**Records for this task:**
BEGIN
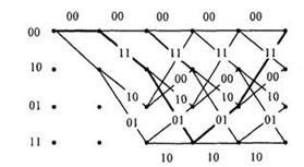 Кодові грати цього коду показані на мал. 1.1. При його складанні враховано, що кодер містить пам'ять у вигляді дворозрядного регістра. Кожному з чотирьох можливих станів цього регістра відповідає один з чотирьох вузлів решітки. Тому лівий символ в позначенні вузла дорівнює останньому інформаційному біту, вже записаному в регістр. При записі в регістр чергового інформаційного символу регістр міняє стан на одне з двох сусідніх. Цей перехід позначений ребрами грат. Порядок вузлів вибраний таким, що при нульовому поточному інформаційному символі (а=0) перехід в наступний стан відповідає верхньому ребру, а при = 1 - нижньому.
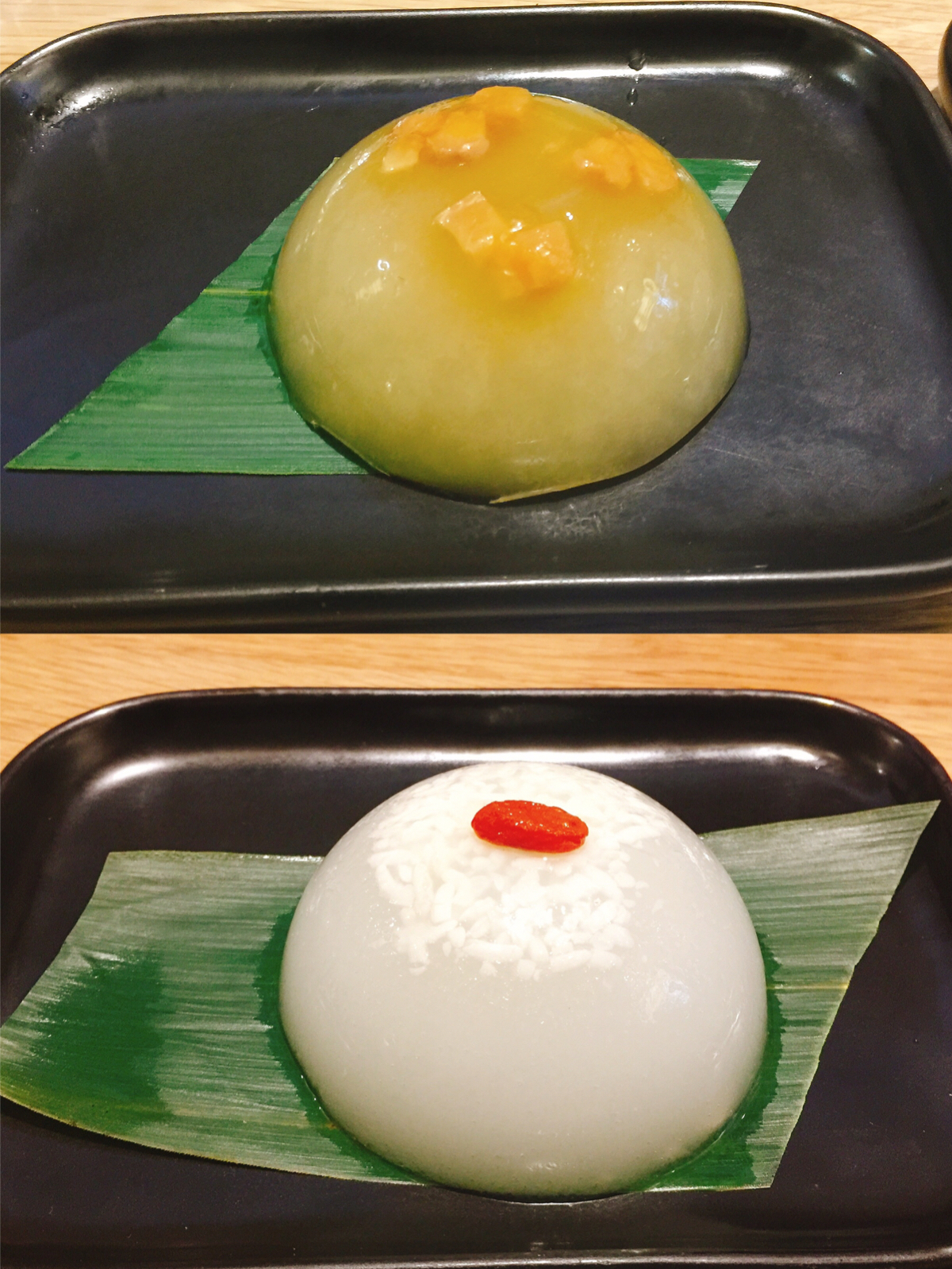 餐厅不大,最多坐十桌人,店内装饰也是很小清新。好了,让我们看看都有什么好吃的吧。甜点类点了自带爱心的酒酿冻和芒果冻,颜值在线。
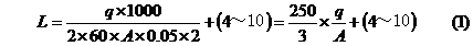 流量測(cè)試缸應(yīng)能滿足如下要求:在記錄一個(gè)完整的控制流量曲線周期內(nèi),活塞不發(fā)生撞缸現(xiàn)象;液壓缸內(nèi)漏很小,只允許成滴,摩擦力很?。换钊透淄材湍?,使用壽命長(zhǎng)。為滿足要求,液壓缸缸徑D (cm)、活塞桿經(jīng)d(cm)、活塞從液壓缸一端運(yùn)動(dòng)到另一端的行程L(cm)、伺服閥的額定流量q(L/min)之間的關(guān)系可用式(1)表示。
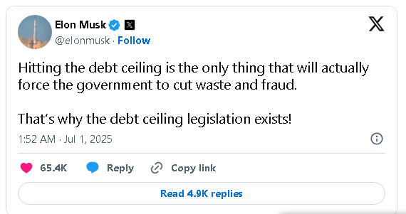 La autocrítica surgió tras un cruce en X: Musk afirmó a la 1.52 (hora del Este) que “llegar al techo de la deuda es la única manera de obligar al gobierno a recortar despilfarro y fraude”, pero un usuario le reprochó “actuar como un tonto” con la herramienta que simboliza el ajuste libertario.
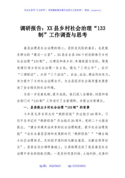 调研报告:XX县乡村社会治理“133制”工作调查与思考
END
**Work instructions:** Copy exactly the lines from the line containing "La autocrítica surgió" through the last line of the records above, both included, and leave out any pictures.

**Exercise answer:**
 La autocrítica surgió tras un cruce en X: Musk afirmó a la 1.52 (hora del Este) que “llegar al techo de la deuda es la única manera de obligar al gobierno a recortar despilfarro y fraude”, pero un usuario le reprochó “actuar como un tonto” con la herramienta que simboliza el ajuste libertario.
 调研报告:XX县乡村社会治理“133制”工作调查与思考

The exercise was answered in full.